**TASK BRIEF**
Below this line are records; write out exactly the lines from the one containing "Строительство жилого комплекса" through the one containing "Vintage Floral Orb", with the pictures left out.

**DATA IN THIS EXERCISE**
[Start of section]

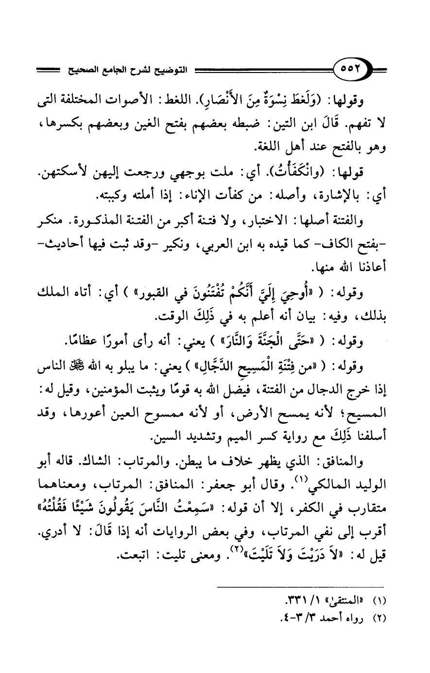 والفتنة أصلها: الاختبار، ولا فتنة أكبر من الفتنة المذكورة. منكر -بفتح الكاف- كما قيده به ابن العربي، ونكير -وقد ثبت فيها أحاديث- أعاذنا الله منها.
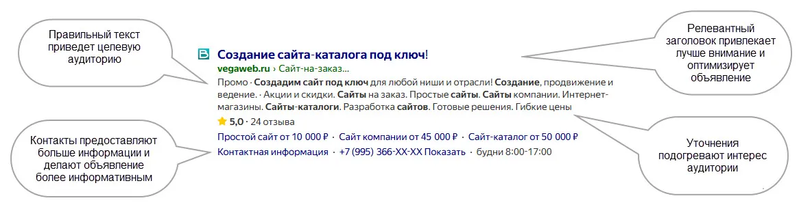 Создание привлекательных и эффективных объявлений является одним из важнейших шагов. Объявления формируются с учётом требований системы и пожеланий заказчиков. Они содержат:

[End of section]
[Start of section]

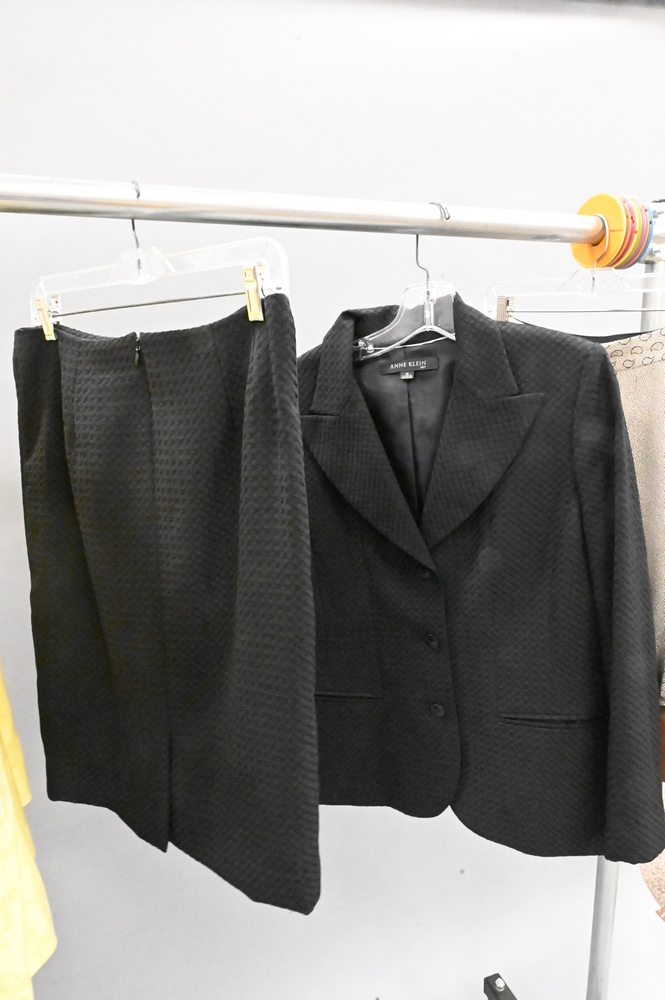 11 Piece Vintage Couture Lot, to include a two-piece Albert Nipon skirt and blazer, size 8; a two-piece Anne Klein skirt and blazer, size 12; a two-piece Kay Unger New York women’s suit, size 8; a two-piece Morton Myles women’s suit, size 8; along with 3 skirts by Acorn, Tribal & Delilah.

[End of section]
[Start of section]

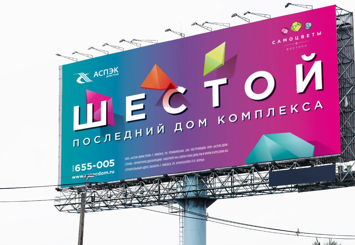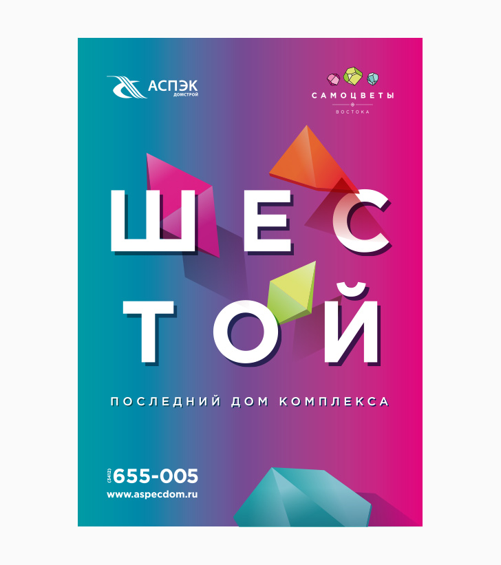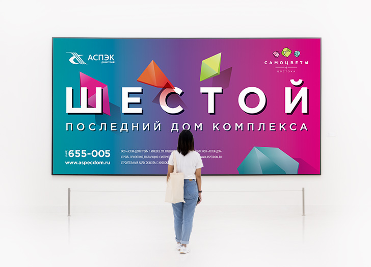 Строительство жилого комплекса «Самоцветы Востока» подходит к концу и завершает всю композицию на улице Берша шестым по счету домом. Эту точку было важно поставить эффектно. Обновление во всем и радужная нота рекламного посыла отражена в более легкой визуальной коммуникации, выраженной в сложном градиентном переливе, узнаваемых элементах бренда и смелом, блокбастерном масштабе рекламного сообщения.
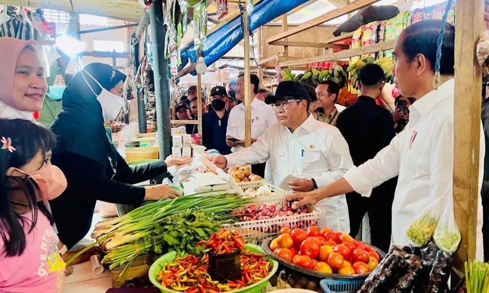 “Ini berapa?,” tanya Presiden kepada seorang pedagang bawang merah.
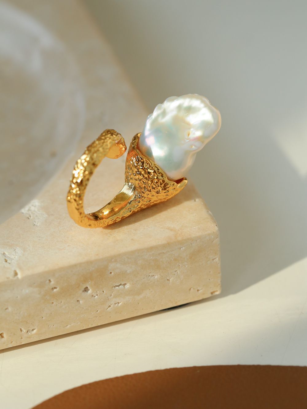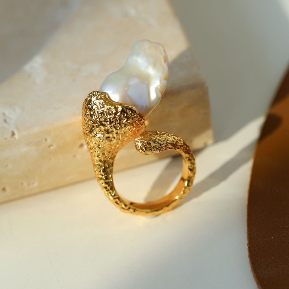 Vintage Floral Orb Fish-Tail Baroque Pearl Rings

[End of section]

**TASK SOLUTION**
 Строительство жилого комплекса «Самоцветы Востока» подходит к концу и завершает всю композицию на улице Берша шестым по счету домом. Эту точку было важно поставить эффектно. Обновление во всем и радужная нота рекламного посыла отражена в более легкой визуальной коммуникации, выраженной в сложном градиентном переливе, узнаваемых элементах бренда и смелом, блокбастерном масштабе рекламного сообщения.
 “Ini berapa?,” tanya Presiden kepada seorang pedagang bawang merah.
 Vintage Floral Orb Fish-Tail Baroque Pearl Rings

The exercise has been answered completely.